Return each line of the data below that contains the string "front".

→ SUPPLIED MATERIAL:
-.-.-
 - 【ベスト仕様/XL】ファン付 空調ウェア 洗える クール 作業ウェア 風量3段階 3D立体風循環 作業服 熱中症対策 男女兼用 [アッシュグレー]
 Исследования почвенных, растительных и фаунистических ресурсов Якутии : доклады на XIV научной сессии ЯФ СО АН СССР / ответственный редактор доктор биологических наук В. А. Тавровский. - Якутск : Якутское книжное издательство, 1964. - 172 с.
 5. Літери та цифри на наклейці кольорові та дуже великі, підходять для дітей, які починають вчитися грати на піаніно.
-.-.-
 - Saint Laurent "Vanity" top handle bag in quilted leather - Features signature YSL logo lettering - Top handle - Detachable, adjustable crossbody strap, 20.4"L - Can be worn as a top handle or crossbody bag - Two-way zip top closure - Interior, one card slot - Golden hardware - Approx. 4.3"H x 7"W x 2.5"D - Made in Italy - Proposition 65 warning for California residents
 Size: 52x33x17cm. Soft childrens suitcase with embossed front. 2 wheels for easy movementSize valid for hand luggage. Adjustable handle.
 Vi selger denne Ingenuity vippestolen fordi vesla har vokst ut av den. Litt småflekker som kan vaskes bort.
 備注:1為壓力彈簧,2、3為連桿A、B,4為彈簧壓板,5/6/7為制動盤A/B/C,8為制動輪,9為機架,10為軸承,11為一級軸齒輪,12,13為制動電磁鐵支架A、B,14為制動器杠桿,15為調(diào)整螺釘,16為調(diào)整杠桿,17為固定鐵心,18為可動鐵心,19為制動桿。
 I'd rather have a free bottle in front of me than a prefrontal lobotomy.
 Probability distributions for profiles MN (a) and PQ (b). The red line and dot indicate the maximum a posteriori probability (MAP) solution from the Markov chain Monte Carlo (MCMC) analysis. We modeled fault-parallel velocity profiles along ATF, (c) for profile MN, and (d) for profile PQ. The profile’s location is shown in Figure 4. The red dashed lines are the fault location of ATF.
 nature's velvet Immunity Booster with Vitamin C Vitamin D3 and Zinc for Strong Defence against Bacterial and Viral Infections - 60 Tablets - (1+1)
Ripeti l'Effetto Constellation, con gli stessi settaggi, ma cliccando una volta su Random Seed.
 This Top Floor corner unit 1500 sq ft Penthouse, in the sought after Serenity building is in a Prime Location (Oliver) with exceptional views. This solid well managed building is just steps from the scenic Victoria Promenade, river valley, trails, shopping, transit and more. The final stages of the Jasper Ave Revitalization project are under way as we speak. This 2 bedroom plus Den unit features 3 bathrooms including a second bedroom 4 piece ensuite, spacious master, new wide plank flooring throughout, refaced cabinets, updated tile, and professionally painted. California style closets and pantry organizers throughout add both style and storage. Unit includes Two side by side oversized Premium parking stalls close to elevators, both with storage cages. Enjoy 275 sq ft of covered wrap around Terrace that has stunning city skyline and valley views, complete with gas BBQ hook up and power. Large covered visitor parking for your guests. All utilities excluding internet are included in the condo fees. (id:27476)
-.-.-
→ ANSWER TO THIS TASK:
 Size: 52x33x17cm. Soft childrens suitcase with embossed front. 2 wheels for easy movementSize valid for hand luggage. Adjustable handle.
 I'd rather have a free bottle in front of me than a prefrontal lobotomy.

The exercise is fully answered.